This technology is patented by CIMA Labs. The tablets produced by this technology utilize the conventional tableting equipment. Tablets in this are formulated by using drug, non direct compression fillers, and lubricants.Nondirect compressible fillers are dextrose, mannitol, sorbitol, lactose, and sucrose, which have advantage of quick dissolution and avoid gritty texture, which is generally present in direct compressible sugar. The tablets obtained are strong and can be packed in conventional packing in bottles and blisters. Nondirect compressible fillers generally used in the range of 60-95%, lubricant in 1-2.5%.

WOW tab technology:^40-41

Yamanouchi patented this technology. WOW means with out water. This technology utilizes conventional granulation and tableting methods to produce FDT employing low- and high-moldability saccharides.

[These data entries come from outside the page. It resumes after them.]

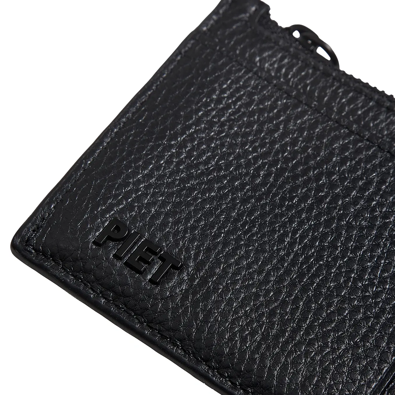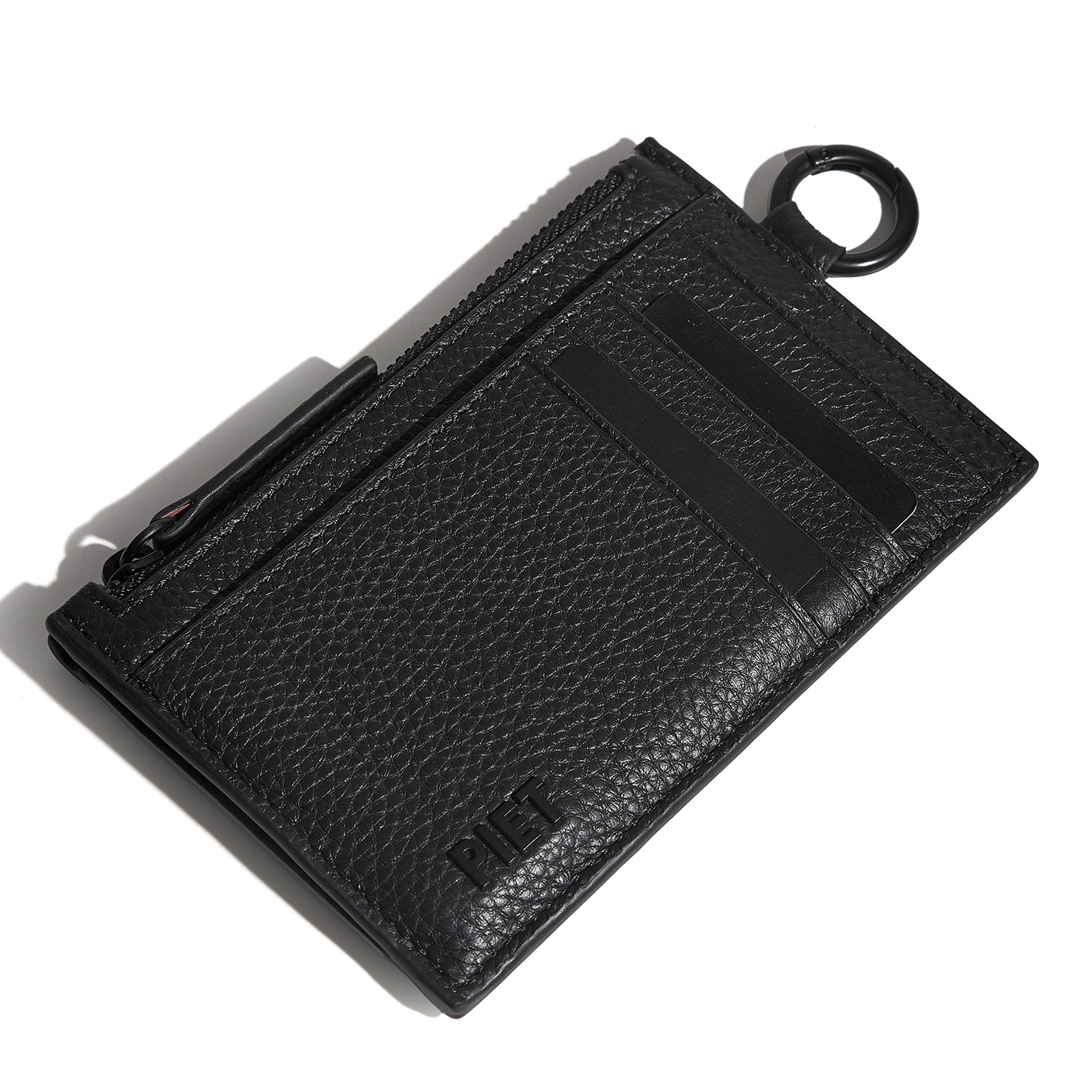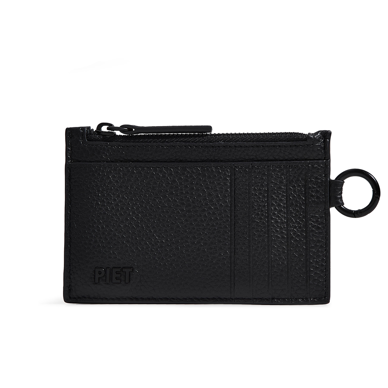 Tarjetero de cuero vacuno graneado. Pertenece a la colección de pequeños Accesorios de Lujo. Cuenta con 5 bolsillos tarjeteros flat a cada lado, para llevar cómodamente hasta 10 tarjetas. Bolsillo principal con fuelle y cierre metálico en baño negro e interior forrado en cuero liso, ideal para llevar billetes, monedas o más tarjetas. Presenta un bolsillo adicional del lado externo. Además este artículo posee un mosquetón circular negro a un lado, con protección de RFID y bordes pintados de manera artesanal con el detalle del logo PIET realizado en piezas metálicas negras.
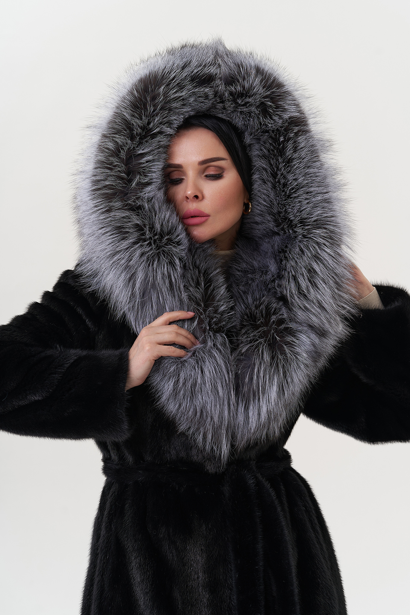 Тип ворота - капюшон, отделка - чернобурка
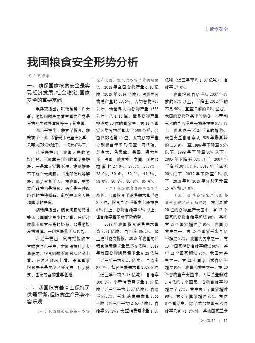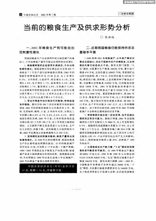 2. 粮食安全形势分析2.1 粮食产量与需求中国是世界上最大的粮食生产和消费国之一。

Low moldability saccharides are lactose mannitol, glucose, sucrose, and xylitol. High-moldability saccharides are maltose, maltitol, sorbitol, and oligosaccharides. When these low- and high-moldable saccharides used alone tablets obtained do not have desired properties of rapid disintegration and hardness, so combinations are used.

This technology involves granulation of low-moldable saccharides with high-moldable saccharides as a binder and compressing into tablets followed by moisture treatment. Thus tablets obtained showed adequate hardness and rapid disintegration.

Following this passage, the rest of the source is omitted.